# Rear suspension sags, especially with ppl in it



## abrown250 (Apr 25, 2007)

I've got an 02 altima 2.5s and ive noticed that the rear suspension is too soft. it sags noticably by itself, and even more when i have people in the back. if i go over a decent hump with people in it the car dips all the way until the axle hits the bottom of the car (or whatever it's hitting). also, im in need of new shock absorbers, but i'm thinking that doesnt have anything to do with the sagging.
what exactly is the problem and what do i need to do in order to prevent the sagging and the bottoming out?


----------



## acriml01 (May 12, 2004)

Actually, it could have a LOT to do with your shock absorbers, especially if they're blown.
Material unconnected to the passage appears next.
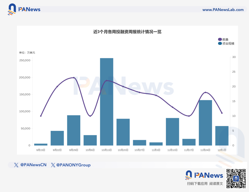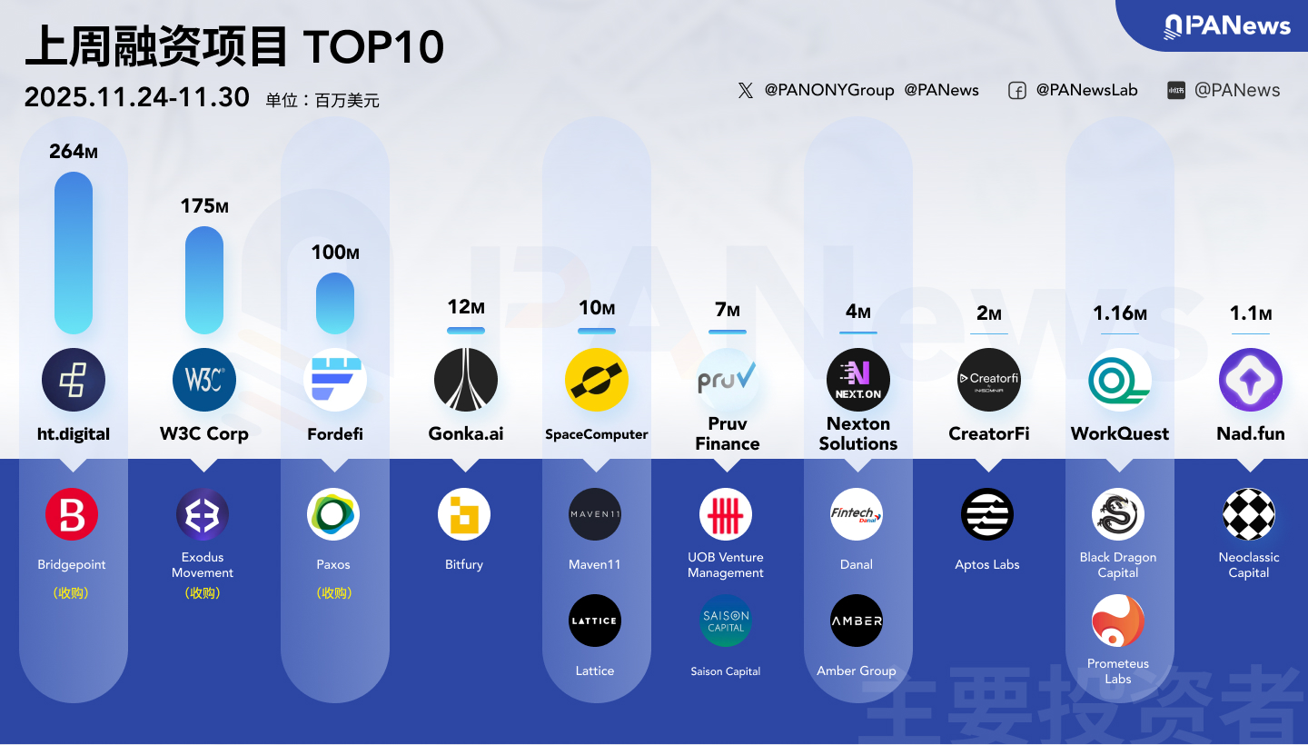 据 PANews 不完全统计,上周(11.24-11.30)全球区块链有11起投融资事件,资金总规模超5.72亿美元;此外,上市公司加密资产储备融资总额超2.35亿美元,概览如下概览如下:

When your shock absorbers go, your basically just riding on the spring.


----------



## abrown250 (Apr 25, 2007)

^ right, but the spring is what is actually holding the weight, regardless of the condition of the shock absorbers. The shock absorbers keep the car from bouncing too much. my issue is how the rear end sags, especially when carrying a load.


----------



## abrown250 (Apr 25, 2007)

but thats not to say the absorbers dont contribute to preventing the car from bottoming out, but do they help the rear end maintain the appropriate right height?


----------



## acriml01 (May 12, 2004)

I'm going by what happened to a friend of mine. Her rear end was sagging (no pun intended), and she found out that both the shock absorbers had zero pressure because of cracks. Still not sure how it happened, but the point is that this is ONE of the possible causes, especially since you mentioned that you bottom out when going over bumps.


----------